I have now had the following reply from them as I contacted them directly as well: -

“Thank you for contacting us.

We have checked the bounce back message. Please be informed  that due to the ongoing issue with email spoofing, Mail Security filtered out all external sending IP addresses and put them on our rDNS list. So if the external mail server sends us an email, its IP address is checked against the rDNS lookup, and if they don't have a valid PTR record they get a bounce back as the mail is declined.

In the past, we had been more permissive in allowing mails to be received with invalid PTR records, but this is no longer the case, and so 1&1’s email policies are now more in line with other more secure networks. The positive side is that our clients should receive much less spam, as attempts from spoofed accounts will be unlikely to reach the customer’s inbox.
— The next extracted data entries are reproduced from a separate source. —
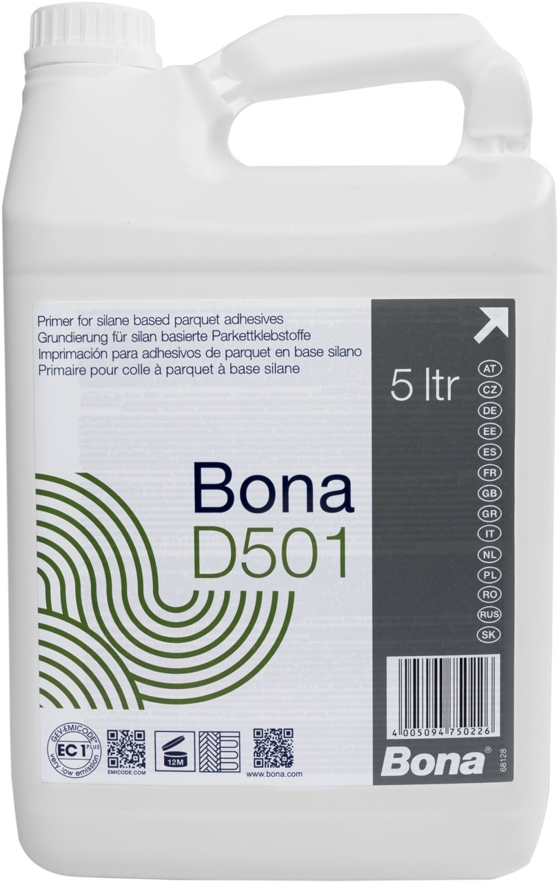 A primer designed for use over absorbent and non-absorbent substrates (with the exception of magnesium industrial floors) and for chipboard panels. All Bona silane adhesives can be applied over D501 after just one hour.A primer designed for use over absorbent and non-absorbent substrates (with the exception of magnesium industrial floors) and for chipboard panels. All Bona silane adhesives can be applied over D501 after just one hour.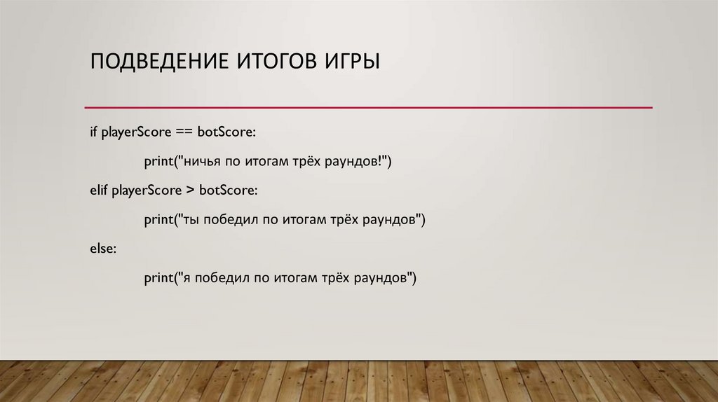 ПОДВЕДЕНИЕ ИТОГОВ ИГРЫif playerScore == botScore: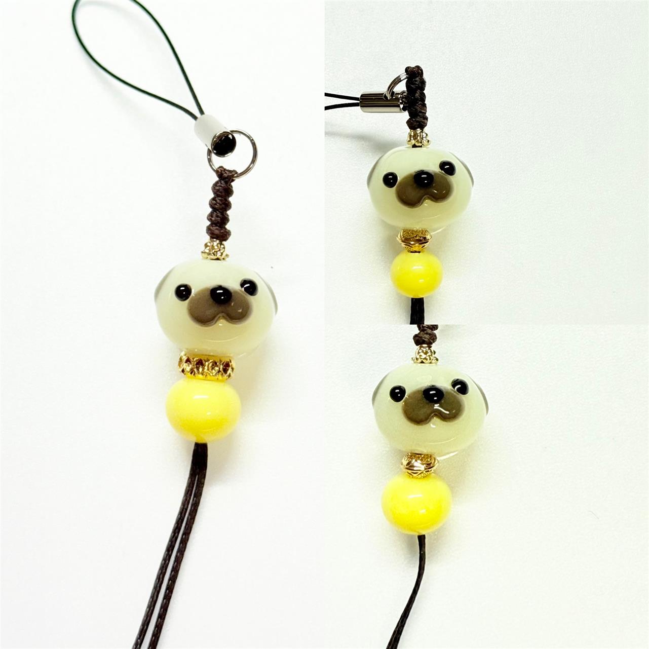 今回はお客様からご依頼いただき、パグをモチーフにしたオリジナルのとんぼ玉ストラップを制作しました。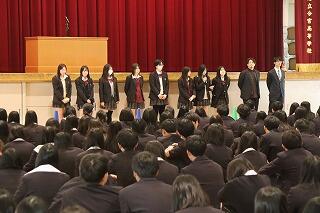 教頭先生による閉式の辞の後、続いて部活動総代の2人(軽音フォーク部、女子バレーボール部)から来年度の部活動「志―スローガン」の発表がありました。「共に青く駆けていけ」―2人はそのことばに込められた思いや意味を清々溌溂と伝えていました。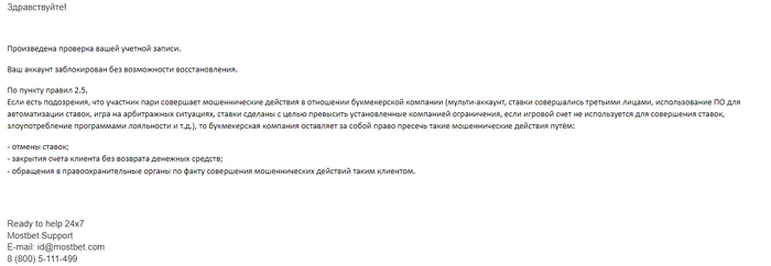 БК мостбет.ру заморозила счетс +70к на борту, через месяц ожидания прошел видеоверификацию, еще через месяц просто удалила аккаунт

With regard to this issue. We advise you to contact the other mail provider and ask them to make sure that they have a valid PTR record on their mx record.”
Muhammad BurhanManager I.T.Commented:
if Your exchange server is responsible to direct receive/send emails from/to the world so you have to email to your ISP for configure rDNS against your public ip

if your exchange server is responsible for send/receive emails to/from some smart/remote host so call or email them and ask them to recheck and ensure that RDNS is active.

for verification:
go to and check ptr or reverse lookup against your FQDN.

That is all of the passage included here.